Learn To Speak The King's English, Ya Limeys!



Well, in case you ever do wonder, here's the answer for you:

In 1776, whether you were declaring America independent from the crown or swearing your loyalty to King George III, your pronunciation would have been much the same. At that time, American and British accents hadn't yet diverged. What's surprising, though, is that Hollywood costume dramas get it all wrong: The Patriots and the Redcoats spoke with accents that were much closer to the contemporary American accent than to the Queen's English. 
It is the standard British accent that has drastically changed in the past two centuries, while the typical American accent has changed only subtly.

As a Pittsburgh native, I would like to point out that one of our sacred linguistic duties - along with the eliminating the use of the verb "to be"[1] in order to maintain the strategic US Verb Stockpile - is to combat the insidious danger of non-rhotic speech whenever possible.

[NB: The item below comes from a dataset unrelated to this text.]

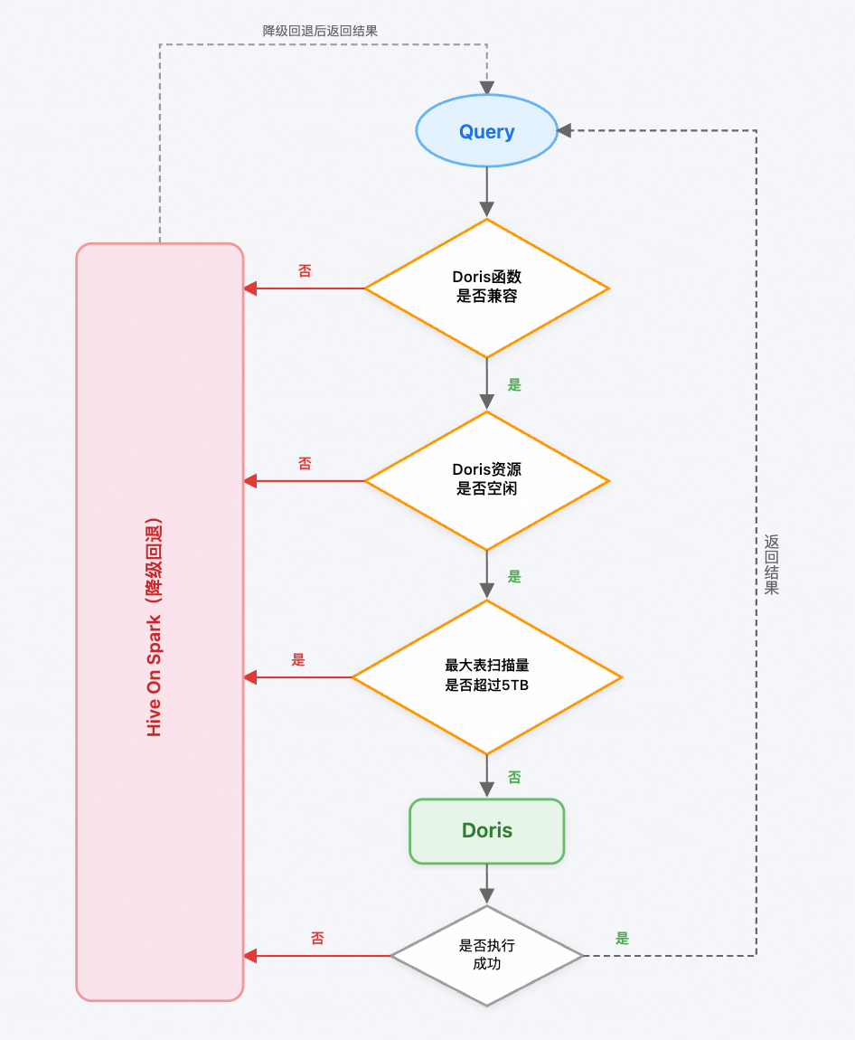 兼容性判断:优先判断 SQL 中使用的函数或语法是否被 SelectDB 支持。得益于 98%的兼容率,绝大多数查询可直达 SelectDB。不兼容时将进行回退至 Hive on Spark。

Those seemingly gratuitous "r" sounds you hear from us when we talk about "warshing up", or tell you that something is "old fasherned"? Yep - that's the noble citizens of da 'burgh, protecting yinz fellers from that there non-rhotic English n'at.

Thankfully, we do not have to stand alone in this task.  Our brethren in the Auld Country are also doing their part to fight the scourge of non-rhotic speech:

The lofty manner of speech developed by these specialists gradually became standardized — it is officially called "Received Pronunciation" — and it spread across Britain. However, people in the north of England, Scotland and Ireland have largely maintained their traditional rhotic accents.

[1] Thusly: while the majority of the country would squander precious verbs, saying things like "the porch needs to be painted", your noble Pittsburgh brethren would simply point out that "the porch needs painted".  This allows the US to stockpile these verbs so that the State Department always has a large quantity available for writing strongly-worded, yet oddly ineffective, diplomatic notes.